◆ **Provided data**:
▬▬▬▬▬▬▬▬▬▬
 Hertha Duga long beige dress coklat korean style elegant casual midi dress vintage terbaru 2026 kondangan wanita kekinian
▬▬▬▬▬▬▬▬▬▬
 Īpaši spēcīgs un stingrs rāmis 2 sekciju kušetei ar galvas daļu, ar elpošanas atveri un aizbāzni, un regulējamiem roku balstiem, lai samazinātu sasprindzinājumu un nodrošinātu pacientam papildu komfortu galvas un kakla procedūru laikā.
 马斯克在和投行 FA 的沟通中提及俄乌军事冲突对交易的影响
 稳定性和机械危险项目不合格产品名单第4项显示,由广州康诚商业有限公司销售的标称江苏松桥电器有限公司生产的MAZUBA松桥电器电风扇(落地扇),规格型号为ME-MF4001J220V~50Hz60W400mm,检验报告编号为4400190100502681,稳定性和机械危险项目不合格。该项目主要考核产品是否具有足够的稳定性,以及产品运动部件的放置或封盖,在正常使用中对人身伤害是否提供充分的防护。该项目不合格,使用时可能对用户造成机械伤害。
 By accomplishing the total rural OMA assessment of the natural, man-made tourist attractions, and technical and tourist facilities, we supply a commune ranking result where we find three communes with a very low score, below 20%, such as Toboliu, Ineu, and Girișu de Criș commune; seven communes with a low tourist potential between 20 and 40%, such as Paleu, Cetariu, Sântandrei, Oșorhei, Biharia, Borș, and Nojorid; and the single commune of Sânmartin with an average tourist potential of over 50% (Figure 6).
▬▬▬▬▬▬▬▬▬▬
◆ **What you are asked to do**:
Your task is to transcribe, with no changes, only the lines of the listing above that lie between the line holding "Īpaši spēcīgs un" and the line holding "马斯克在和投行 FA 的沟通中提及俄乌军事冲突对交易的影响", inclusive.

◆ **Solution to this problem**:
 Īpaši spēcīgs un stingrs rāmis 2 sekciju kušetei ar galvas daļu, ar elpošanas atveri un aizbāzni, un regulējamiem roku balstiem, lai samazinātu sasprindzinājumu un nodrošinātu pacientam papildu komfortu galvas un kakla procedūru laikā.
 马斯克在和投行 FA 的沟通中提及俄乌军事冲突对交易的影响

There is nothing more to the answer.